_Try it:_ Repeat the records below exactly from the line containing "Pakettiin kuuluu mySPIN-integrointijärjestelmä, joka" to the line containing "Last month, Vocabulary.com", taking in both of those lines. Drop the pictures.

#### Given data ####

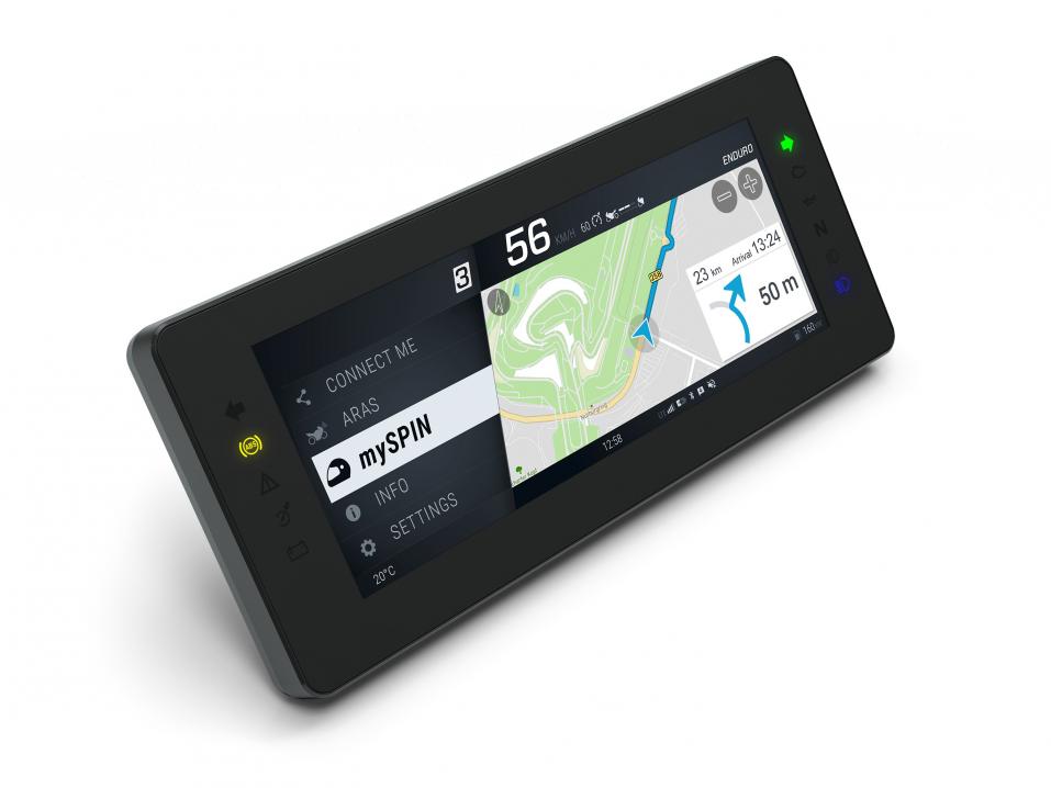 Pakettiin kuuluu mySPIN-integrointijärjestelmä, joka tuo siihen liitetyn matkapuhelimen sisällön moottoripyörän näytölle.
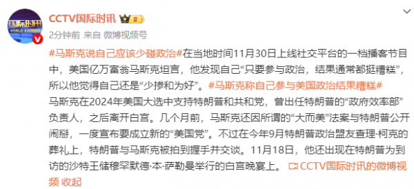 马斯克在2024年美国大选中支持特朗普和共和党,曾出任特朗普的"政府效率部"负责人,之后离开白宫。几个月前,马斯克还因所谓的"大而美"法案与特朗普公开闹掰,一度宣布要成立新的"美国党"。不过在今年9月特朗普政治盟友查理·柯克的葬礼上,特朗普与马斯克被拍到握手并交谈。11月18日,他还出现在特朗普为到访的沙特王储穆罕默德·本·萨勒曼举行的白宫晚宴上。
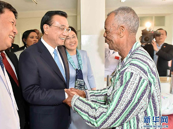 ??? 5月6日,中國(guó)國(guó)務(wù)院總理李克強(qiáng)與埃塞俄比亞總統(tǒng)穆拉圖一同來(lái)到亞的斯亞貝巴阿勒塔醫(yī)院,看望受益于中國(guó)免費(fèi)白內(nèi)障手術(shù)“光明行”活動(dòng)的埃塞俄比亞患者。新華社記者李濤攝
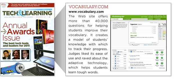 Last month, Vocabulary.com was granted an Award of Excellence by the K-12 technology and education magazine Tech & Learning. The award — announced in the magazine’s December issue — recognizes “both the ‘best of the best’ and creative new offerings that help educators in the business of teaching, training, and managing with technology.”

####
#### Given data ####

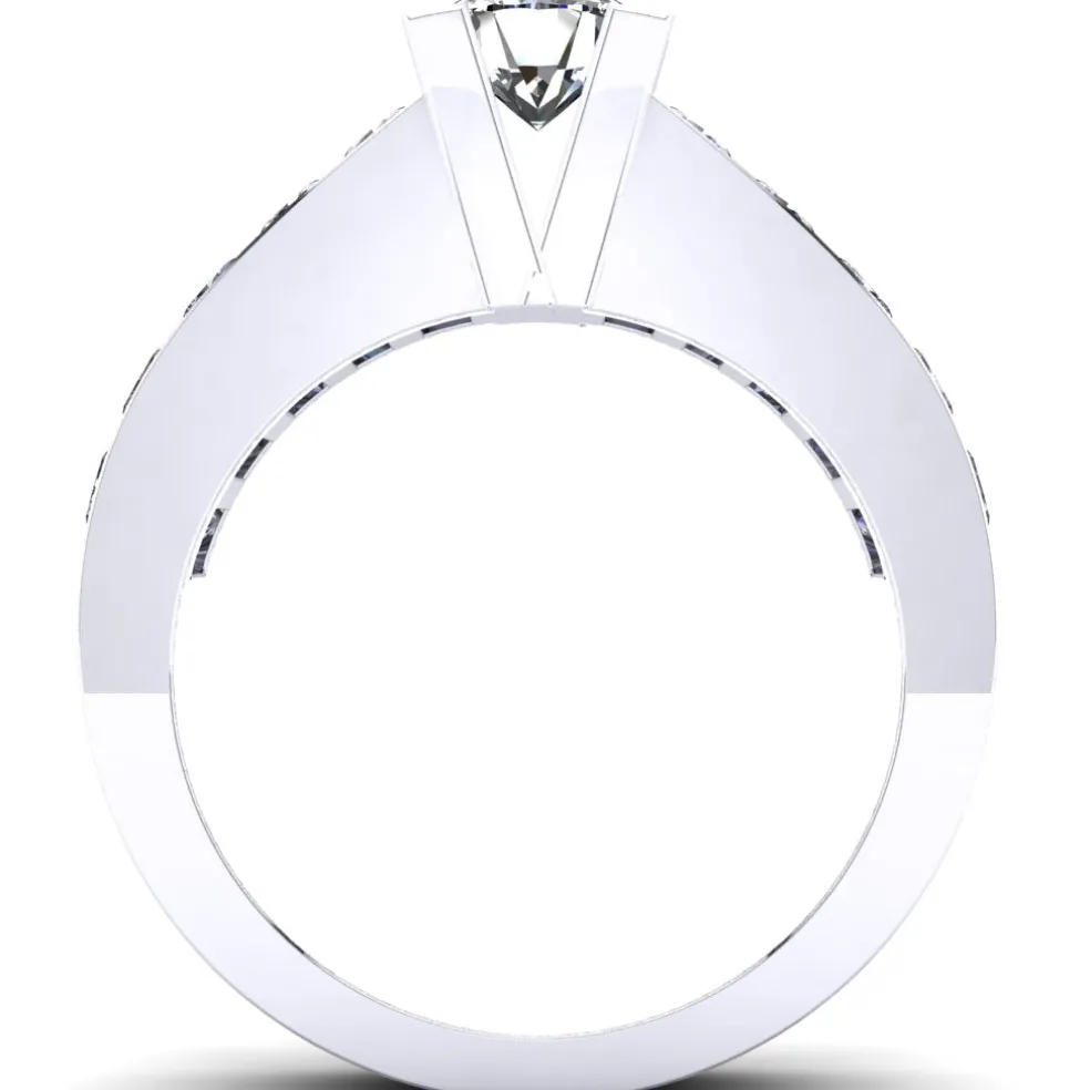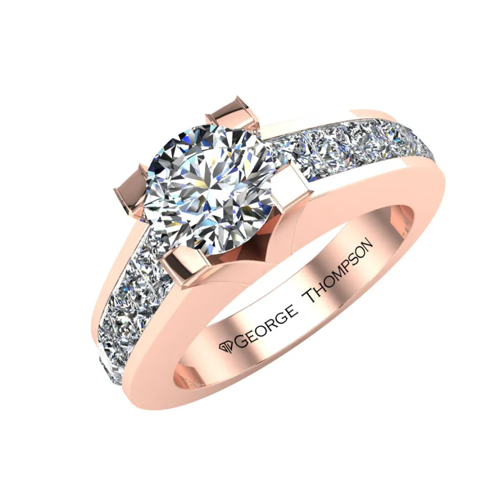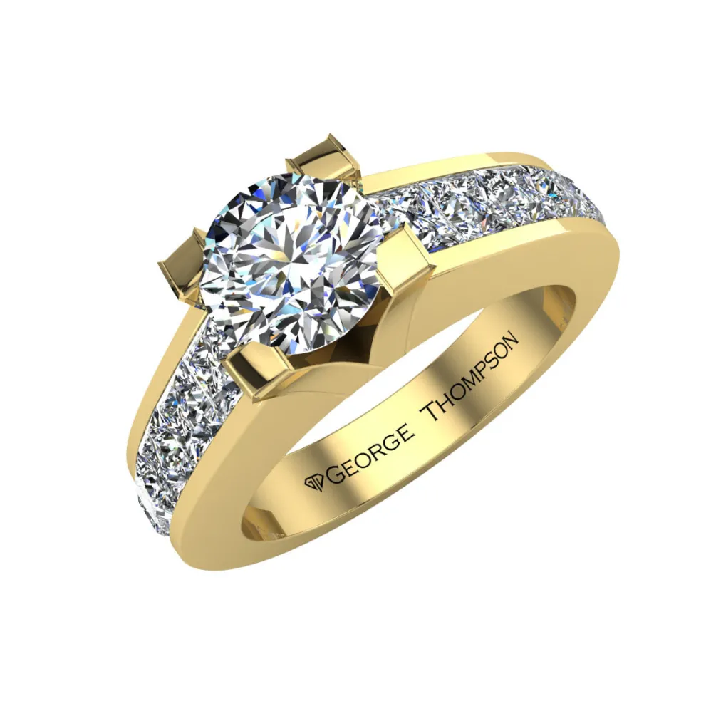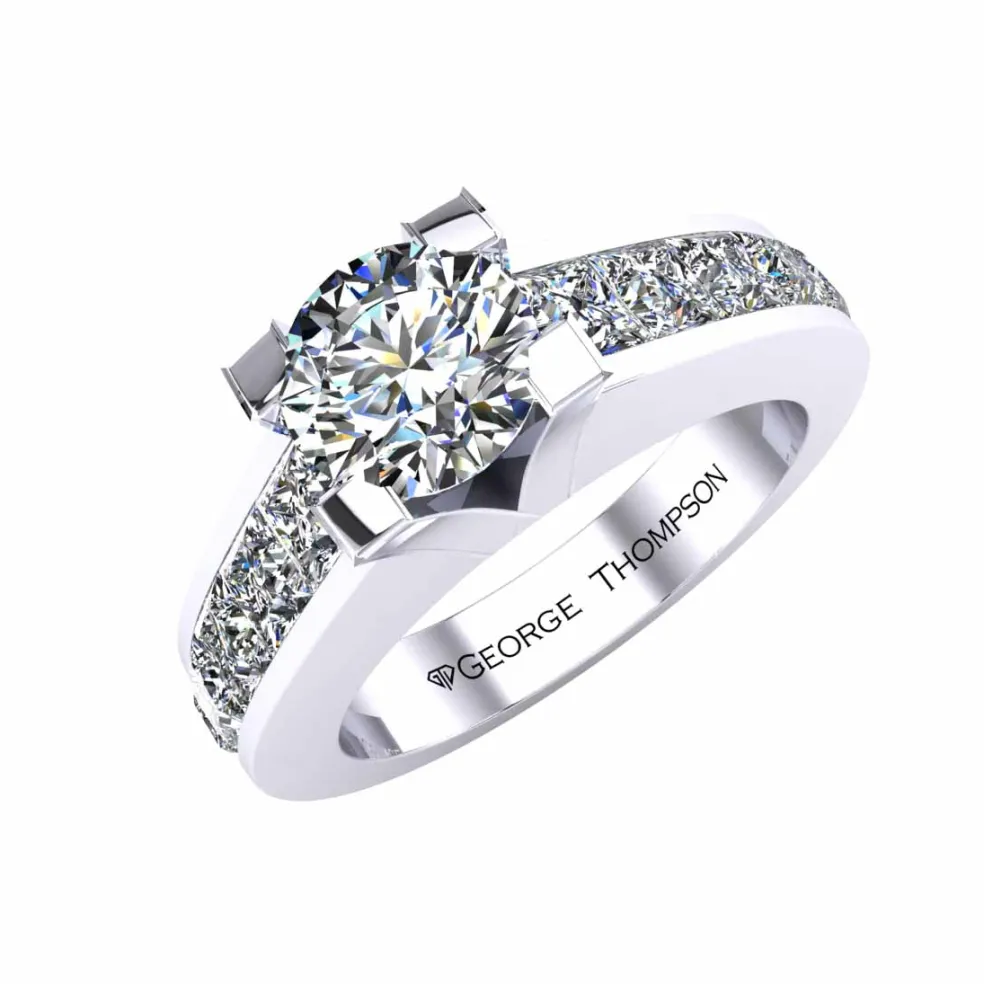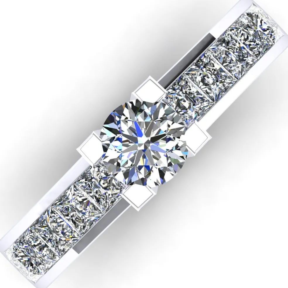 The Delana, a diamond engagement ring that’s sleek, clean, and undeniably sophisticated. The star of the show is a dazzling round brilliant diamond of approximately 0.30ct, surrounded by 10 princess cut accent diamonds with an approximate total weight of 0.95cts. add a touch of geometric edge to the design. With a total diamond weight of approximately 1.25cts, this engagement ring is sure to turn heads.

####

_The answer:_
 Pakettiin kuuluu mySPIN-integrointijärjestelmä, joka tuo siihen liitetyn matkapuhelimen sisällön moottoripyörän näytölle.
 马斯克在2024年美国大选中支持特朗普和共和党,曾出任特朗普的"政府效率部"负责人,之后离开白宫。几个月前,马斯克还因所谓的"大而美"法案与特朗普公开闹掰,一度宣布要成立新的"美国党"。不过在今年9月特朗普政治盟友查理·柯克的葬礼上,特朗普与马斯克被拍到握手并交谈。11月18日,他还出现在特朗普为到访的沙特王储穆罕默德·本·萨勒曼举行的白宫晚宴上。
 ??? 5月6日,中國(guó)國(guó)務(wù)院總理李克強(qiáng)與埃塞俄比亞總統(tǒng)穆拉圖一同來(lái)到亞的斯亞貝巴阿勒塔醫(yī)院,看望受益于中國(guó)免費(fèi)白內(nèi)障手術(shù)“光明行”活動(dòng)的埃塞俄比亞患者。新華社記者李濤攝
 Last month, Vocabulary.com was granted an Award of Excellence by the K-12 technology and education magazine Tech & Learning. The award — announced in the magazine’s December issue — recognizes “both the ‘best of the best’ and creative new offerings that help educators in the business of teaching, training, and managing with technology.”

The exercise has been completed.